Infrastructure improvements and strategic investments into the economy will help bridge the skills and opportunity gaps. Some of the funding for workforce development programs include: $750,000 to fund the Indiana Career Council (HB 1002) and Indiana Workforce Intelligence longitudinal data system; $6 million for the governor’s Indiana Works Councils (Senate Bill 465); $36 million, twice as much funding as the previous budget, for the Skills Enhancement Fund, which trains and educates Hoosier workers; and $14 million to restore funding for Adult Basic education programs.
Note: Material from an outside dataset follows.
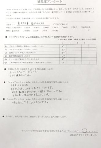 ●ご来店いただいた症状やきっかけ: ホットペッパービューティーを見てご来店。 とても疲れていた為 ●「ココロアロマサロン to be」の良かった点: 程よい加減。 終わったあと、本当にすっきりしています。 それと、最後のドリンクやお菓子もおいしいです。 オイルもいつもありがとうございます。 ●「ココロアロマサロン to be」の悪かった点: 特に気になることはないです。 ●その他に、お気づきの点やご要望がございましたらご記入をお願いします。: ●ココロアロマサロン to be の満足度はいかがでしたか? 5段階でご評価ください。5:大いに満足 4:満足 3:普通 2:不満足 1:大いに不満足 Q1:サロンの雰囲気・清潔さはいかがでしたか? 5 Q2:スタッフの応対はいかがでしたか? 5 Q3:説明はわかりやすかったですか? 5 Q4:施術時間は適切でしたか? 5 Q5:サービスにご満足いただけましたか? 5 Q6:ご来店の目的(症状改善等)は達せられましたか?5![]()
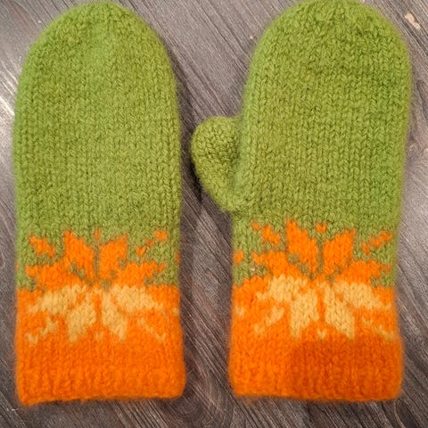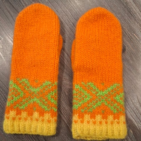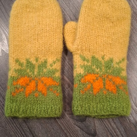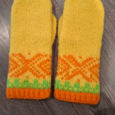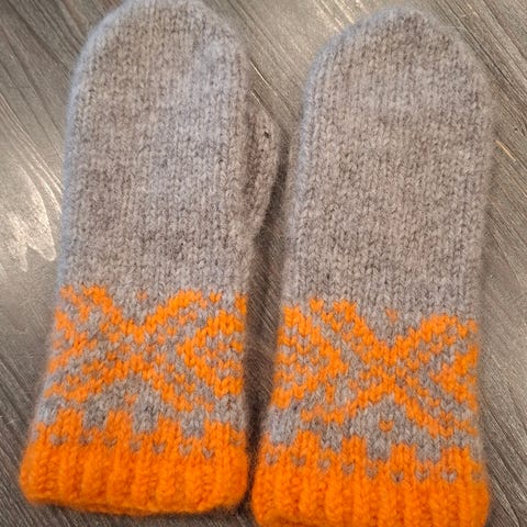 Håndstrikka og tova damevotter.

Even with the spending increases, fiscal integrity is at the very heart of the proposed budget. It will accelerate the elimination of the death tax to January 1, 2018 saving taxpayers $270 million. Currently, the death tax would not have been eliminated until January 1, 2022. Speeding up the elimination of the death tax will help keep more farms and small family businesses in the hands of Hoosiers as well as encourage more Hoosiers to stay in Indiana after retirement.
HB 1001 will allow for sustainable spending levels in the future and enables Indiana to live within its means. Assuming conservative revenue growth and budget appropriation growth rates, a structural balance will remain intact.
“The House has led the effort on sustainable spending and responsible revenue management. This budget shows where our focus is, on education and jobs, and we have to look at the long term use of those funds so Indiana can continue to grow,” said Rep. Brown. “Indiana is open for business and Hoosiers are ready to work. Our focus is on growing the private sector and bridging the skills gap. We have a proven track record of being good fiscal stewards, and the House’s budget supports Hoosiers over the long run by giving them the tools they need to realize their American Dream.”